We chose TanStack Start for its full-stack React capabilities and file-based routing, letting us move fast without sacrificing type safety. Neon PostgreSQL gave us a serverless database that scales to zero, perfect for a hackathon project. Drizzle ORM kept our database interactions clean and fully typed. For the UI, we leaned on Tailwind CSS and shadcn/ui to build a polished, responsive interface without writing custom CSS. Google Maps Platform powers location search and display. We deployed to Vercel for instant, zero-config hosting. The entire stack was chosen for one reason: speed of development without compromising user experience.

Challenges we ran into

The RSVP paradox: We wanted zero friction for attendees, but needed to prevent spam and handle waitlists. We solved this by requiring only email (no verification for MVP) and implementing simple status tracking ('confirmed' vs 'waitlist') server-side. Map integration complexity: Google Maps API keys and billing setup consumed more time than expected. We added clear error states and graceful fallbacks when maps fail to load. Database schema decisions: Balancing flexibility (optional fields) with query performance. We kept the schema flat and indexed aggressively on start_at and location fields. Time constraints: With only 24 hours, we had to ruthlessly cut features — no recurring events, no payments, no email notifications. This constraint actually sharpened the product focus.
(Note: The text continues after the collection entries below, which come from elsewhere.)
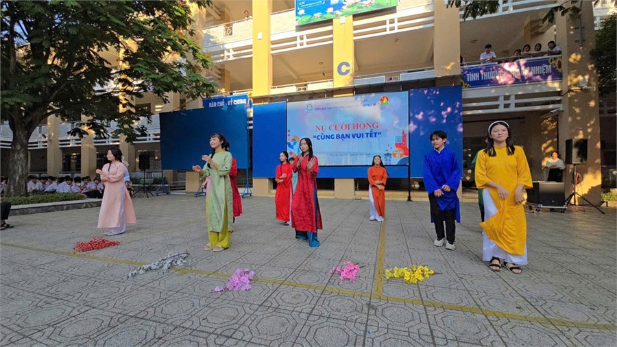 Đặc biệt, chương trình còn mang đến tiết mục biểu diễn áo dài truyền thống và múa xuân đầy màu sắc. Những tà áo dài duyên dáng với nhiều gam màu tươi sáng như đỏ, vàng, xanh… đã góp phần tôn vinh vẻ đẹp văn hóa Việt Nam. Các bạn học sinh thể hiện những bước múa nhẹ nhàng, uyển chuyển trong giai điệu mùa xuân, tạo nên một bức tranh Tết rực rỡ và đầy sức sống.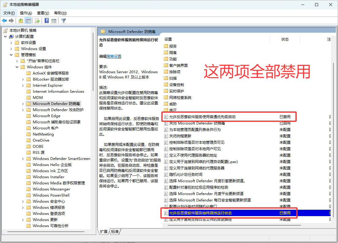 点击“管理模板/Windows组件/Microsoft Defender 防病毒”进行以下两项操作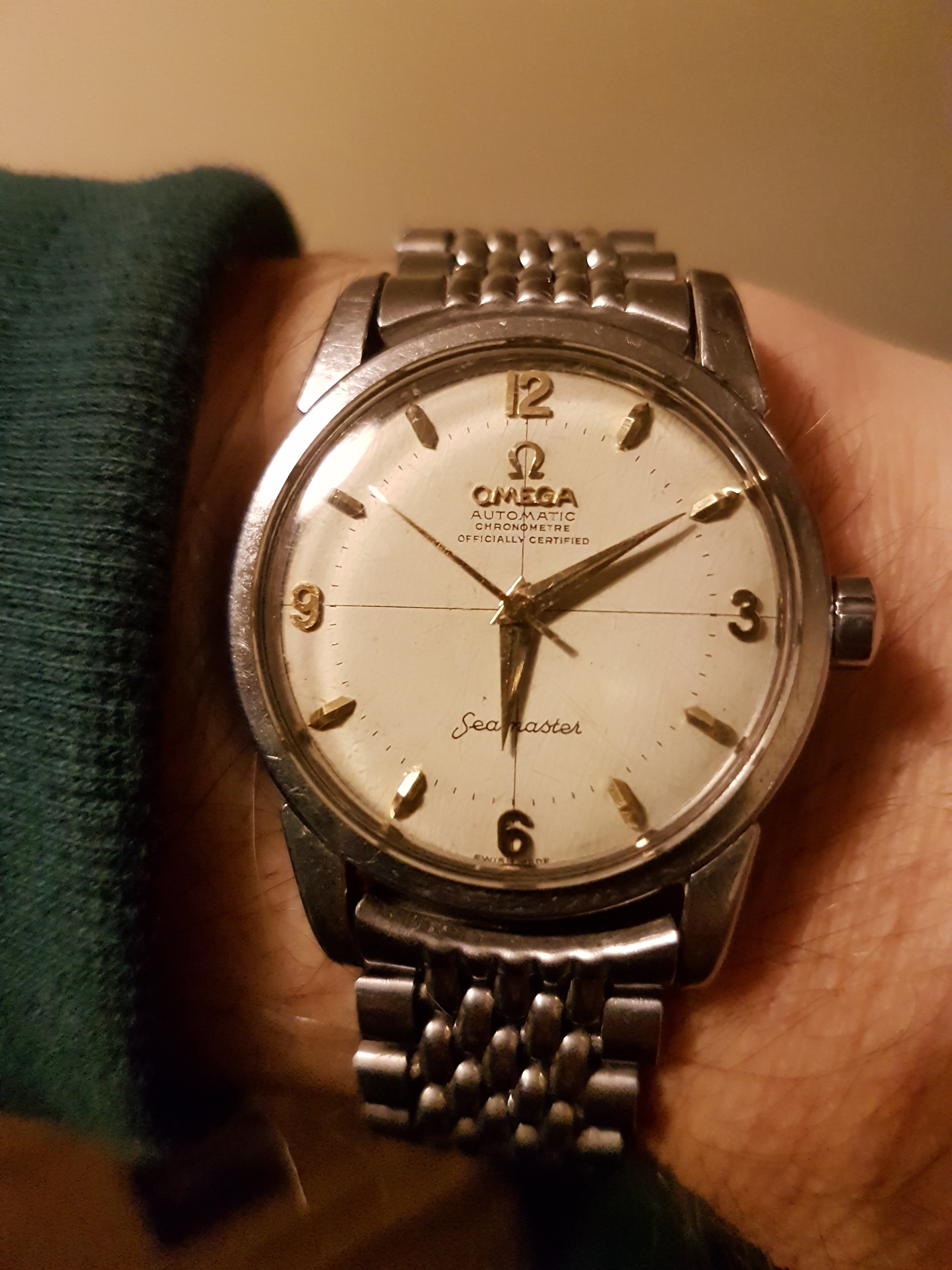 ·I am selling my stainless steel Omega Seamaster chronometre with bumper 354 movement 14766233 circa 1955, case reference 2767-5C. I have had this watch since 2013 and had it serviced that year, so although it seems to be running fine it’s well due for another service. The cream crosshair dial is original and near flawless with one or two tiny spots only visible on close examination and no staining or discoloration. There are radium lume dots on the baton markers but there has never been lume on the quarter markers, which is correct for this dial variant.
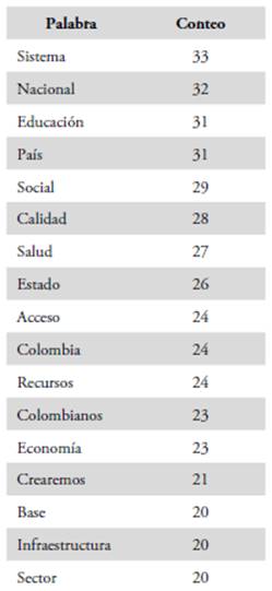 La garantía de los derechos de las comunidades desde la perspectiva de género es un asunto que preocupa en razón del nuevo periodo presidencial. Ante esto, se revisaron las propuestas de campaña de electo presidente Iván Duque y se notó la ausencia de medidas claras para las mujeres y la comunidad LGBTI. El análisis de frecuencia de palabras del documento revela la poca preocupación al respecto (tabla 10).

Accomplishments that we're proud of

Sub-60-second event creation — we timed it. From landing page to shareable link, it really works. Zero-login RSVP flow — attendees never hit a auth wall, yet creators still get clean RSVP lists. Real-time map discovery — the public events page shows live gatherings on an interactive map, creating genuine "what's happening near me" serendipity. Mobile-first polish — the entire experience feels native on phones, where most spontaneous planning happens. Type safety end-to-end — with TanStack Router and Drizzle, we caught bugs at build time, not runtime, crucial for rapid iteration.

What we learned

Friction is the enemy of social software. Every additional click, every forced account creation, kills momentum. We learned to measure success in seconds-to-shareable-link, not feature count. Serverless databases are hackathon gold — Neon's auto-scaling and branching let us focus on product, not infrastructure. File-based routing accelerates development — no route configuration, no boilerplate, just create a file and ship. Constraints drive clarity — cutting notifications, payments, and complex auth forced us to nail the core loop. We also learned that good error messages matter more than perfect uptime — when APIs fail, users need to know why and what to do next.

What's next for Pulse

Smart notifications — Email and SMS reminders 24 hours before events, plus waitlist promotion when spots open up. Recurring events — "Every Thursday" meetups without recreating each week. Payment integration — Optional ticket sales for creators who need it, keeping free events as the default. Mobile app — A lightweight PWA for push notifications and offline ticket access. Community features — Follow creators, event series, and interest-based recommendations. Icebreakers — Auto-generated conversation starters based on attendee profiles ("Ask Sarah about her photography project"). Analytics dashboard — Track social velocity (RSVPs per hour), referral sources, and repeat attendance rates.

The vision remains unchanged: technology that disappears, leaving only human connection.